(Excerpts from a dataset)
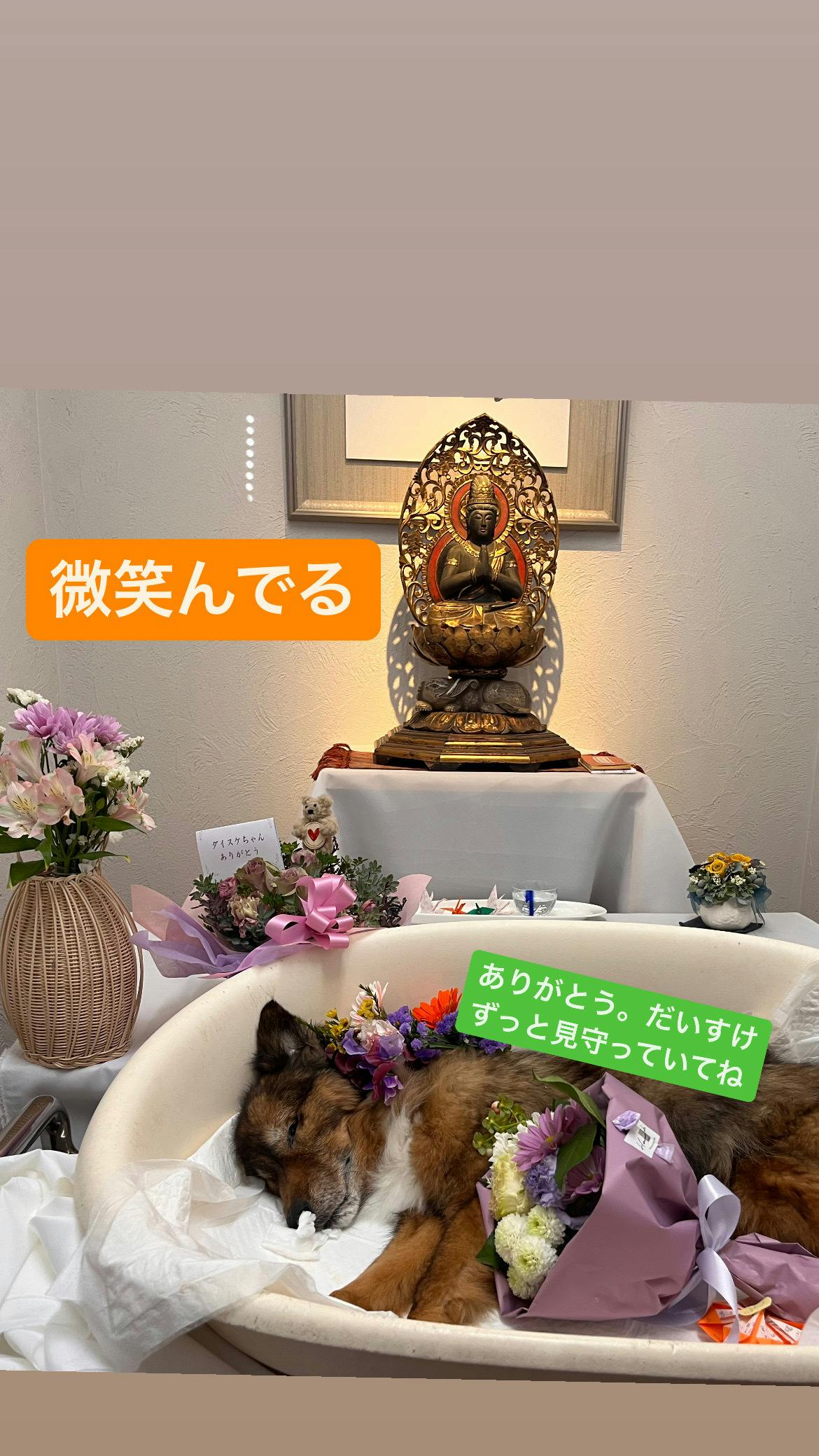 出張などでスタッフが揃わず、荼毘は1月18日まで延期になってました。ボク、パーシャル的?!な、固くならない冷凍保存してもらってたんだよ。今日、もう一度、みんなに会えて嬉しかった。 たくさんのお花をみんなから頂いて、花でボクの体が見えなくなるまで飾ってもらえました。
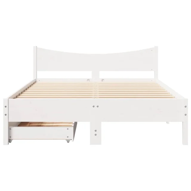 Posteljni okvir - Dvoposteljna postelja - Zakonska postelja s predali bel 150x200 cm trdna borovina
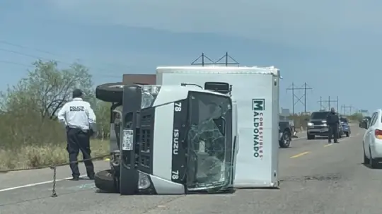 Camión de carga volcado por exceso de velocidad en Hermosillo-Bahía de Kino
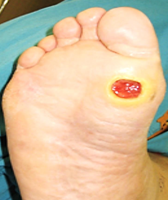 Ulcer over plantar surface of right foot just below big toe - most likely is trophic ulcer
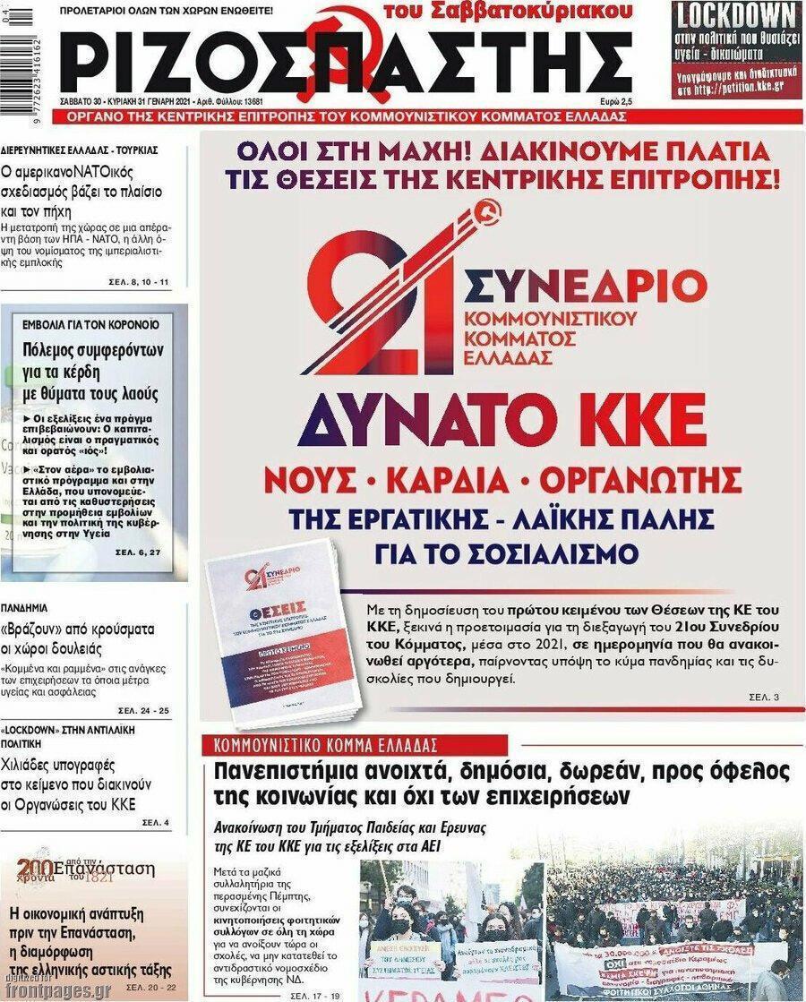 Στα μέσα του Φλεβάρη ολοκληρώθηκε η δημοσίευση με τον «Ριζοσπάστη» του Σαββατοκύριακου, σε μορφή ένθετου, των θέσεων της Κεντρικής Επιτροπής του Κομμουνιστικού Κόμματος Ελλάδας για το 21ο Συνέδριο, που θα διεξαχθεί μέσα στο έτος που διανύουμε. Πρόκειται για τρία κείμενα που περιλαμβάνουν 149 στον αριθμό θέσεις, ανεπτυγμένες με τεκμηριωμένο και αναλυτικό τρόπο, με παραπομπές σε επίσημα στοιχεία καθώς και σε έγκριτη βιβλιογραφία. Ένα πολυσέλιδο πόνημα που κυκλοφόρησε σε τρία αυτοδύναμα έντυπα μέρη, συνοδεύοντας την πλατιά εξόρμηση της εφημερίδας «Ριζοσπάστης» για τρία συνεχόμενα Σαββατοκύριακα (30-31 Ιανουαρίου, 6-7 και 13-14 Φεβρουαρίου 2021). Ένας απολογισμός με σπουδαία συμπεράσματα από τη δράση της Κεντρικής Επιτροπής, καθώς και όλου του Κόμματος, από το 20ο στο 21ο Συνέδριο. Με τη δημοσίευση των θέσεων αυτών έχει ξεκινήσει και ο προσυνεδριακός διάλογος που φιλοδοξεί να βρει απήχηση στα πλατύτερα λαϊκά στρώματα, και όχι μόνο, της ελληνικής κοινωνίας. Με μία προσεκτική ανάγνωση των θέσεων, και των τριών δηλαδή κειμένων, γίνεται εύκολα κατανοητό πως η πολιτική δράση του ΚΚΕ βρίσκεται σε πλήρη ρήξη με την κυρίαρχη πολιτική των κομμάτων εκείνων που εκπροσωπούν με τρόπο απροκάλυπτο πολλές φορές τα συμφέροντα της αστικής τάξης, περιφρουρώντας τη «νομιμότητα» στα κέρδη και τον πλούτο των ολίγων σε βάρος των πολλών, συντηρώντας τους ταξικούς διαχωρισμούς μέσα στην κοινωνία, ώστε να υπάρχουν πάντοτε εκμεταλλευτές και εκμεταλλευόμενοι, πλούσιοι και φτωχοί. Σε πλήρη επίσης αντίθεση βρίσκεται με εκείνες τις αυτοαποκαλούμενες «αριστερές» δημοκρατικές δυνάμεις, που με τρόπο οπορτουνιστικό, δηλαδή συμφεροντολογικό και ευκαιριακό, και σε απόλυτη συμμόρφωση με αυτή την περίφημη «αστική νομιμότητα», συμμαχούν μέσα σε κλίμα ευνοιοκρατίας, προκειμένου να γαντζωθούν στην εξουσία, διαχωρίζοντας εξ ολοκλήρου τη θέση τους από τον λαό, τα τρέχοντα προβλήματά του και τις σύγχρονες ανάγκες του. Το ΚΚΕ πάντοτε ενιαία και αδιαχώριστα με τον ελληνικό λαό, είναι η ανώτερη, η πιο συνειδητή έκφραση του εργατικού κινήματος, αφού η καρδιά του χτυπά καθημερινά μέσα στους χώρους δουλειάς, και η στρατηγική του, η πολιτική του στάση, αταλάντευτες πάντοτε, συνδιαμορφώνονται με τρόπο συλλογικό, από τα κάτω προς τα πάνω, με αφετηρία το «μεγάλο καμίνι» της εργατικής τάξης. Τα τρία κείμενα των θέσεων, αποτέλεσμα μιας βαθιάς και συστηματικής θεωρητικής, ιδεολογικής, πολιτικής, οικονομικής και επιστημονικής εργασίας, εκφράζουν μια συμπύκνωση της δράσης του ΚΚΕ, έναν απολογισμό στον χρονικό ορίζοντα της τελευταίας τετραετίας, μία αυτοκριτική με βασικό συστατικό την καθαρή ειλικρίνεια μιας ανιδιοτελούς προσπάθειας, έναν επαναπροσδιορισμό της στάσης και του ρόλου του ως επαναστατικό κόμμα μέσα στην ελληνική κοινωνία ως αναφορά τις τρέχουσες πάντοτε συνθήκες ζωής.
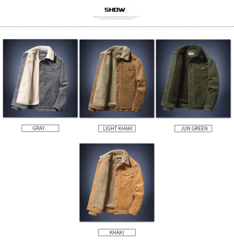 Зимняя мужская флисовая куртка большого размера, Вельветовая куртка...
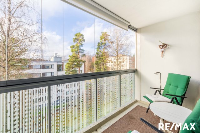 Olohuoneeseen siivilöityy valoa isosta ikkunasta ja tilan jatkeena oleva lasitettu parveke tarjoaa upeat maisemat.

### Problem statement
Set down again, word for word, every line from the one with "Posteljni okvir - Dvoposteljna" to the one with "Ulcer over plantar" in the entries above, and omit the pictures.

### Written solution
 Posteljni okvir - Dvoposteljna postelja - Zakonska postelja s predali bel 150x200 cm trdna borovina
 Camión de carga volcado por exceso de velocidad en Hermosillo-Bahía de Kino
 Ulcer over plantar surface of right foot just below big toe - most likely is trophic ulcer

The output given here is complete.